I think I am getting confused at the level between this superficial, high level understanding and the low-level details. It sounds like the "size" of a cell is the number of nodes in the sigmoid and tanh boxes. Is that correct? If so, how does that relate to the input size for the seq2seq model? For example, the default vocabulary size is 40,000, and the default cell size is 1024. How does the 40,000 element one-hot vocabulary vector for each step of the sequence get matched to the 1024 node internal cell size? Is that what the embedding wrapper does?
Most importantly, what effect would increasing or decreasing the size of the cell have? Would a larger cell be better at learning embeddings? Or at predicting outputs? Both?

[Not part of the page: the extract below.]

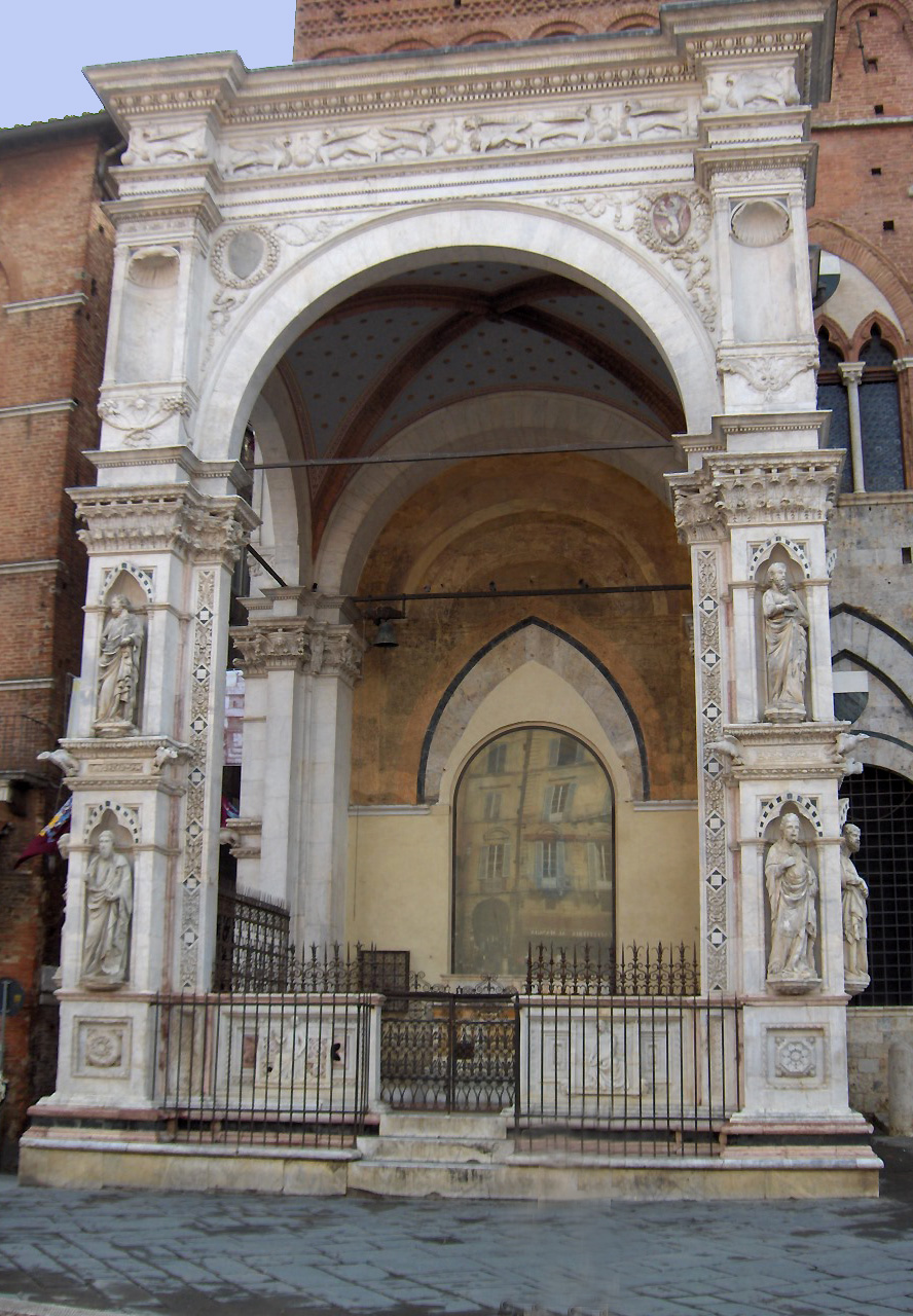 Loggia of the Torre del Mangia; Siena, Italy Own photo - photo made by Georges Jansoone

It sounds like the "size" of a cell is the number of nodes in the
sigmoid and tanh boxes. Is that correct?
The size of the cell is the size of the RNN state vector h. In the case of LSTM it's also the size of c. It's not "the number of nodes" (I'm not sure what you mean by nodes).

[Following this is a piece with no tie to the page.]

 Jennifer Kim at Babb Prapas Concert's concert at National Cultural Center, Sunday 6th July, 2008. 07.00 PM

If so, how does that relate to the input size for the seq2seq model?
For example, the default vocabulary size is 40,000, and the default
cell size is 1024. How does the 40,000 element one-hot vocabulary
vector for each step of the sequence get matched to the 1024 node
internal cell size?
The input size for the model is independent of the state size. The two vectors (input and state) are concatenated and multiplied by a matrix of shape [state_size + input_size, state_size] to get the next state (simplified version).
Is that what the embedding wrapper does?
No, the embedding is the result of multiplying the 1-hot input vector with a matrix of size [vocab_size, input_size], before doing the multiplication.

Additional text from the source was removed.